1. Schema representation

Protocraft uses prost_reflect::MessageDescriptor (already available in the workspace) as its schema type. Two pre-built descriptors are provided as constants for use in craft_a.rs:

/// Descriptor for SwissArmyKnife (knife.proto).
pub fn knife_descriptor() -> MessageDescriptor { ... }

/// Descriptor for EnumCollision (enum_collision.proto).
pub fn enum_collision_descriptor() -> MessageDescriptor { ... }

Each function builds a MessageDescriptor from the compiled .pb bytes embedded via include_bytes!(concat!(env!("OUT_DIR"), "/knife.pb")) etc.

2. Schema-bound Message

Add an optional descriptor field to Message:

pub struct Message {
    buf: Vec<u8>,
    desc: Option<MessageDescriptor>,
}

Add a constructor:

impl Message {
    pub fn with_schema(desc: MessageDescriptor) -> Self {
        Message { buf: Vec::new(), desc: Some(desc) }
    }
}

Message::new() continues to work for schema-less messages.

3. FieldSpec trait

Builder methods that accept a field identifier use a new trait:

pub trait FieldSpec {
    /// Returns (field_number, nested_descriptor).
    /// nested_descriptor is Some only for message-typed fields resolved by name.
    fn resolve(self, desc: Option<&MessageDescriptor>) -> (u64, Option<MessageDescriptor>);
}

Implemented for:

The builder methods on Message change from field: impl IntoTag to field: impl FieldSpec, using self.desc.as_ref() for resolution.

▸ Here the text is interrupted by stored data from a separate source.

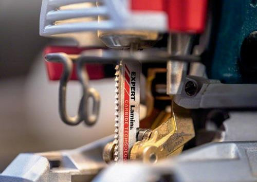 hohe Lebensdauer bei sauberen Schnitten in Laminat, abrasiven Materialien wie faserverstärkten Vinylböden und Hochdruck-Schichtpressstoffplatten · extrafeinen Zähne schneiden glatt in dünnes Material · entgegengerichtete Zahnreihen sorgen für sauberen Schnitt auf beiden Seiten · passend für alle T-Schaft-Stichsägen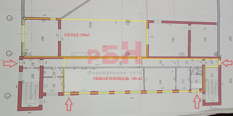 Общая площадь помещений( без склада) 146 м2. В настоящий момент открытое пространство 55м2 + кабинеты, бытовые помещения и коридор, возможна перепланировка с увеличениемоткрытого пространства до 136 м2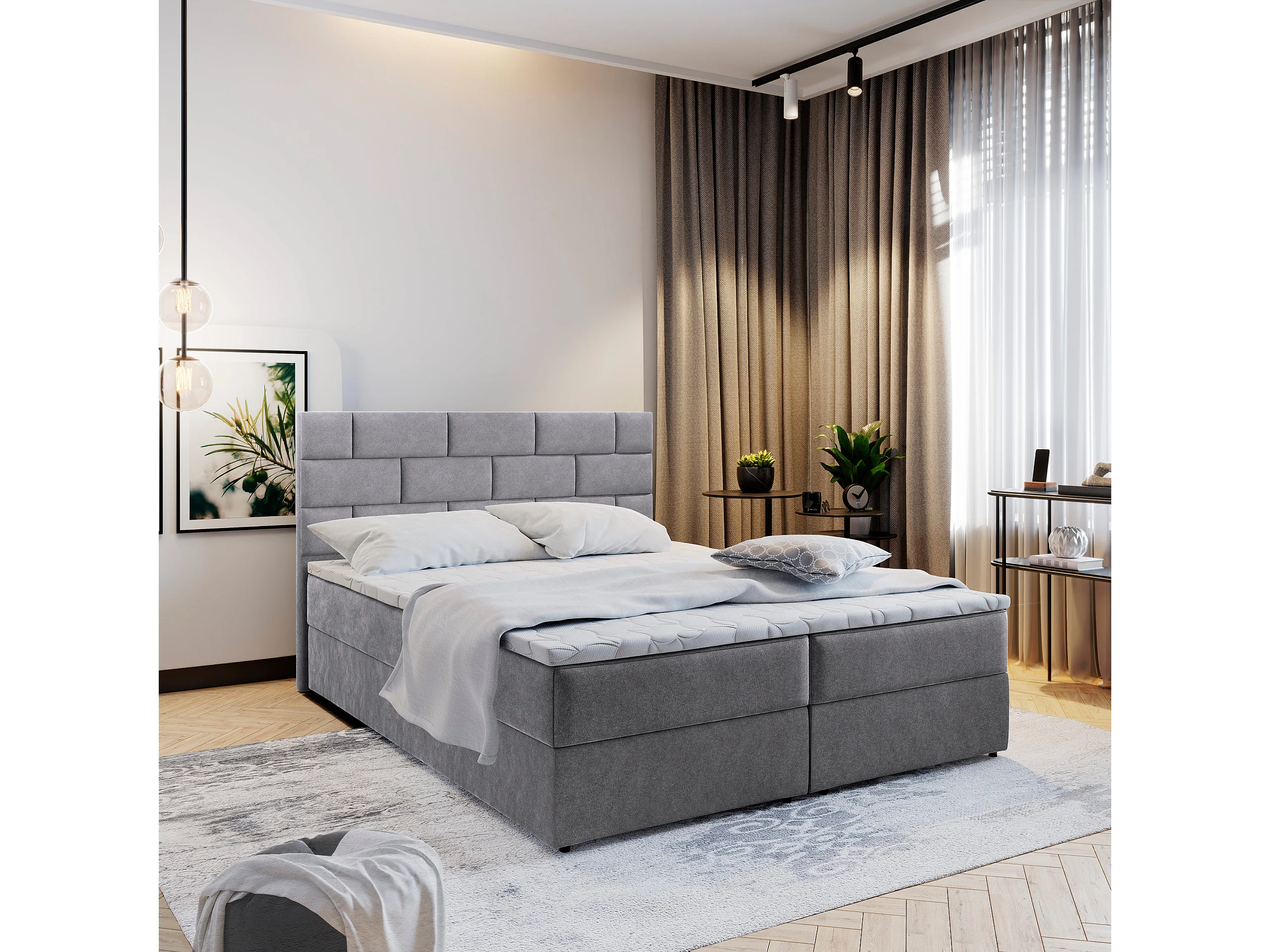 Boxspringbed KERLO 140x200 cm Set met hoofdbord, bedbodem en matras, Grijs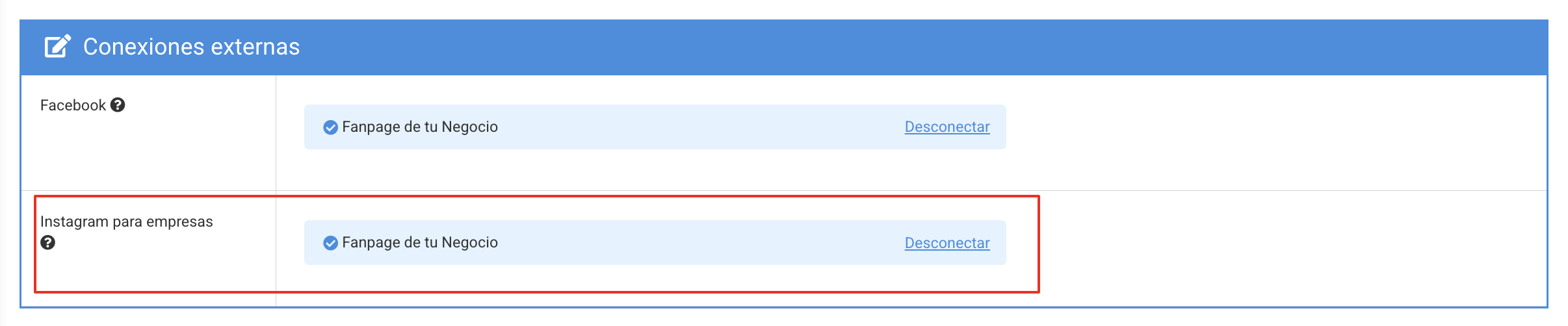 Compruebas que la conexión fue exitosa cuando se muestra de la siguiente manera con el nombre de tu Instagram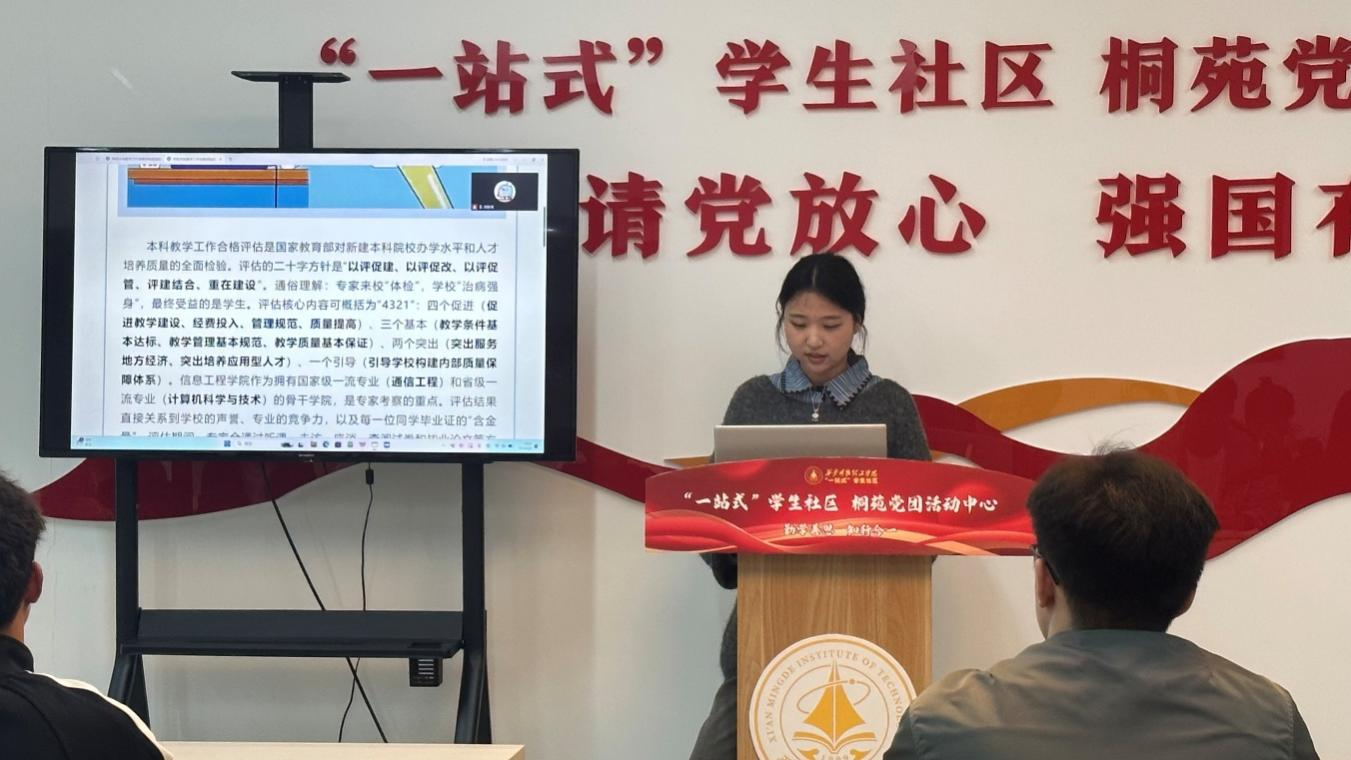 读书分享结束后,支部党员高飞艳组织全体党员集中学习本科教学工作合格评估应知应会知识点,明确评估意义与学生党员职责,号召大家主动学习、带头践行,以良好学风和实际行动助力学校迎评促建工作。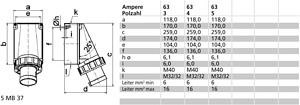 63A 3p (2P+PE) 400V (380 bis 415V) 9h IP67, Frequenz: 50 und 60Hz, Technische Kennfarbe: rot RAL 3000, Gehäusegröße: 170x118 mm (HxB), Kontaktträger/Kontakte: Der Kontaktträger ist aus hochwarmebeständigem Material, Die Kontakte sind Messing vernickelt, Maximaler Leiterquerschnitt: 16,0 qmm, Gehäusematerial: Polycarbonat, Anschlusstechnik: Schraubklemmen als Rahmenklemmen, Kabeleinführung: 1xM40 oben, 2xM32 unten, Gerätefarbe: Kragen rot RAL 3000, Bajonettring grau RAL 7035, Gehäuseunterteil grau RAL 7035, Gehäuseoberteil grau RAL 7035, Gerätehöhe: 259 mm, Gerätebreite: 118 mm, Gerätetiefe: 174 mm, Sonstige technische Eigenschaften: Die Leitungseinführung ist einmal oben offen und zweimal unten verschlossen, Das Gehäuseunterteil ist um 180° drehbar

IntoTag is retained unchanged for the low-level encode_tag API.

4. Tag with named-field support

Add a Tag::named constructor for the rare cases where a field name and an explicit wire-type override are both needed (mirroring Python's Tag('fieldName', type=2, ohb=N)):

impl Tag {
    pub fn named(name: &'static str, wire_type: u8, ohb: u8) -> Self { ... }
}

Tag itself keeps its existing field: u64 representation. Tag::named is a FieldSpec that resolves the name against the descriptor at call time and then constructs the numeric Tag with the overridden wire type.

5. Descriptor propagation into nested messages and groups

When nested is constructed via Message::with_schema, that descriptor takes precedence.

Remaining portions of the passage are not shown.